* **PROVIDED DATA**
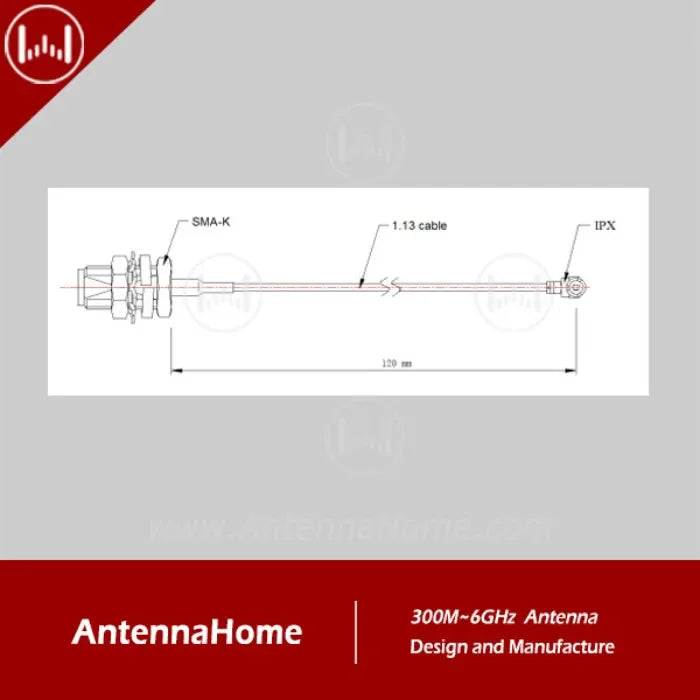 L120 1.13Cable SMA-IPX er en premium RF-kabelsamling designet til højfrekvent signaltransmission i kompakte elektroniske enheder. Denne professionelle 120mm koaksiale jumper har SMA til IPX/U.FL stik, der leverer enestående ydeevne til trådløse kommunikationssystemer, der opererer op til 6GHz.
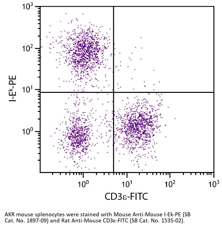 The monoclonal antibody 14-4-4S reacts with the I-Ek class II alloantigen on cells from mice of the H-2d, H-2p, and H-2r haplotypes. Cells from mice of the H-2b, H-2f, H-2q, and H-2s haplotypes do not express I-E antigen. The antibody has been reported to cross-react with the rat MHC class II alloantigen RT1D.
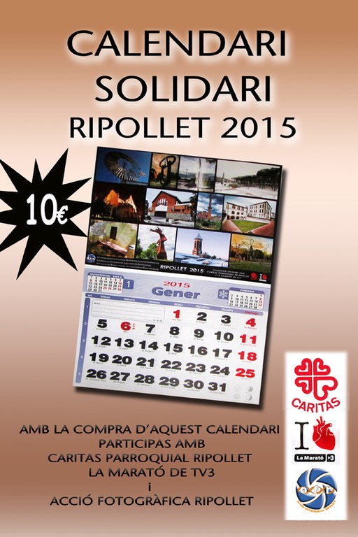 El president d'Acció Fotogràfica de Ripollet (AFR) va presentar el passat 15 de novembre a mossèn Josep Gassó, com a representant de Cáritas Parroquial de Ripollet, el calendari solidari 2015. Es tracta d'una iniciativa de AFR amb imatges de 12 espais emblemàtics del municipi, fetes per socis de l'entitat. Els diners recollits de la seva venda, a un preu de 10 euros, es destinarà a Cáritas Parroquial de Ripollet i a la Marató de TV3, dedicada aquest any a les malalties del cor.
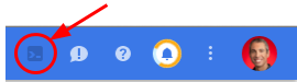 Большую часть работы вы будете выполнять в Google Cloud Shell — среде командной строки, работающей в облаке . Эта виртуальная машина на базе Debian содержит все необходимые инструменты разработки и предоставляет постоянный домашний каталог объёмом 5 ГБ. Откройте Google Cloud Shell, нажав на значок в правом верхнем углу экрана:
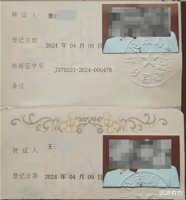 老姜和现任妻子王某在2024年领证,在网络上小有名气,有几千的粉丝。
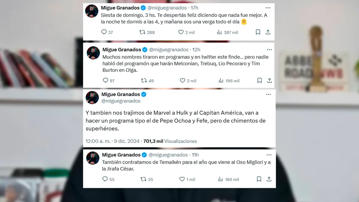 Granados continuó con el tono humorístico y agregó: “También contratamos de Temaikén para el año que viene al Oso Migliori y a la Jirafa César”. El mensaje cerró con un desopilante comentario sobre fichajes ficticios de Marvel para un programa de chimentos de superhéroes.
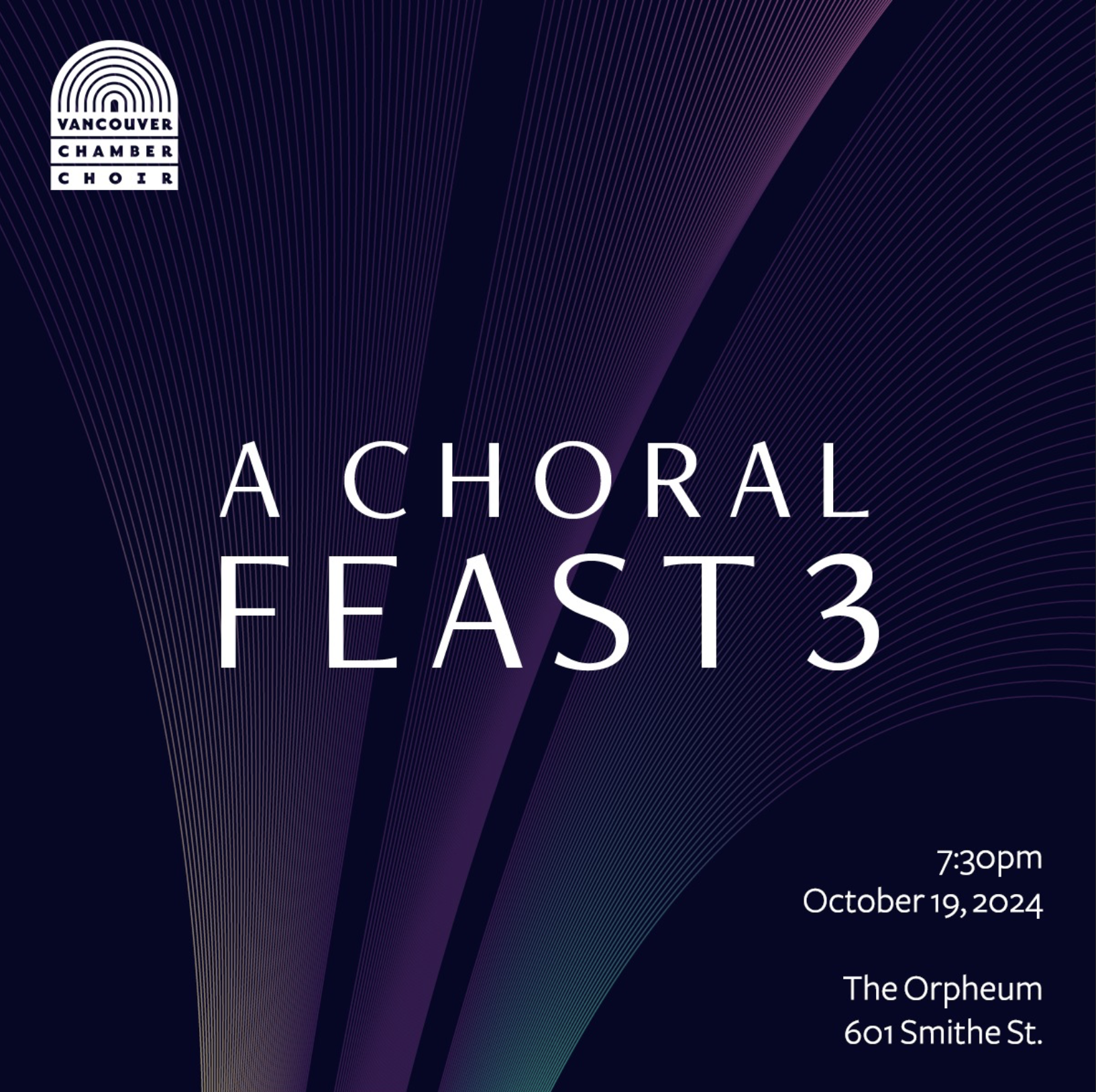 I am going to perform as a chorister with the Vancouver Bach Choir in the Choral Feast 3 concert, presented by the Vancouver Chamber Choir.
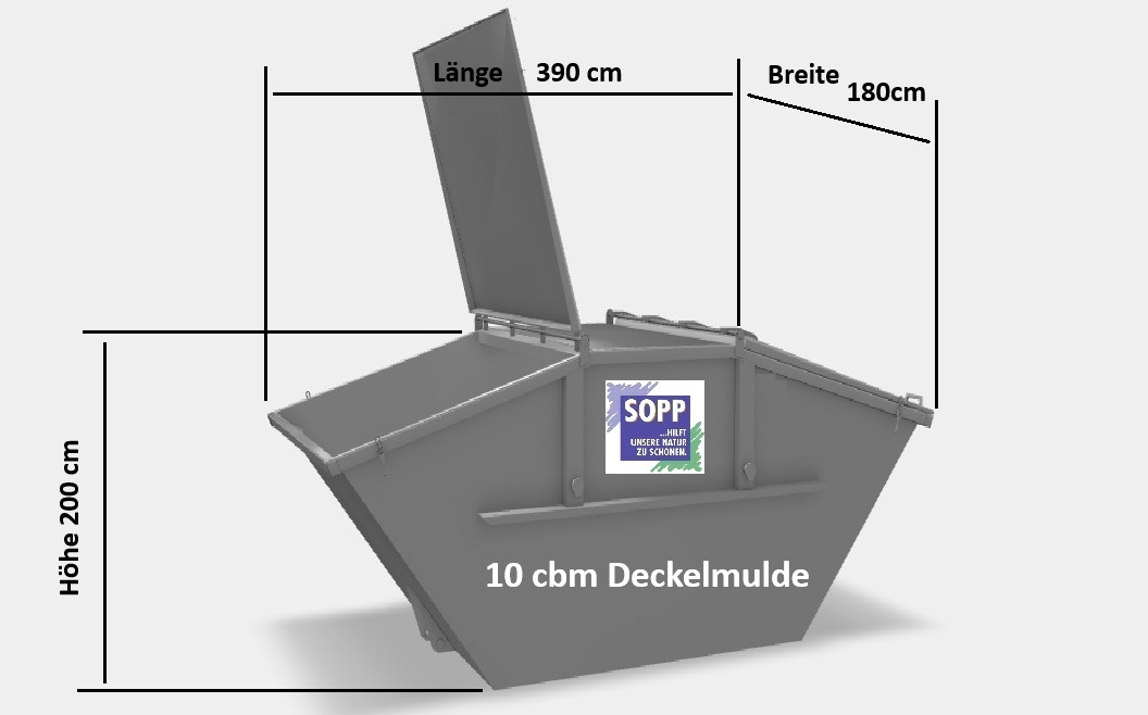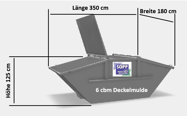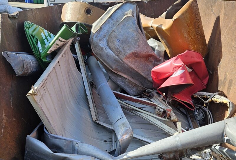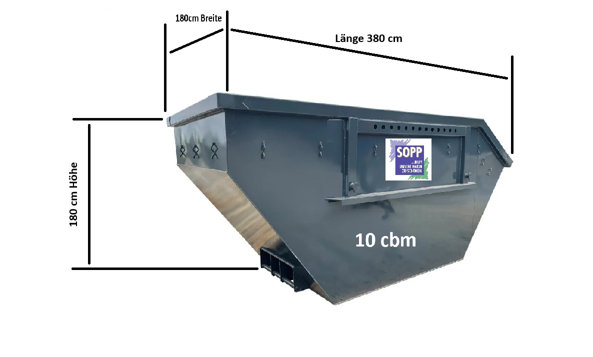 Tapeten, Holz, Rohre, Metall, Kunststoff. Es kann all das rein, was bei Baumaßnahmen eines Hauses anfällt, außer gefährliche sowie Sonderabfälle (z.B. Dämmung oder Dachpappe)

* **WHAT YOU NEED TO DO**
Skip the pictures. Write out exactly the lines from the one with "Granados continuó con" through the last line of the listing, both ends included, and nothing more.

* **OUTPUT FOR THIS TASK**
 Granados continuó con el tono humorístico y agregó: “También contratamos de Temaikén para el año que viene al Oso Migliori y a la Jirafa César”. El mensaje cerró con un desopilante comentario sobre fichajes ficticios de Marvel para un programa de chimentos de superhéroes.
 I am going to perform as a chorister with the Vancouver Bach Choir in the Choral Feast 3 concert, presented by the Vancouver Chamber Choir.
 Tapeten, Holz, Rohre, Metall, Kunststoff. Es kann all das rein, was bei Baumaßnahmen eines Hauses anfällt, außer gefährliche sowie Sonderabfälle (z.B. Dämmung oder Dachpappe)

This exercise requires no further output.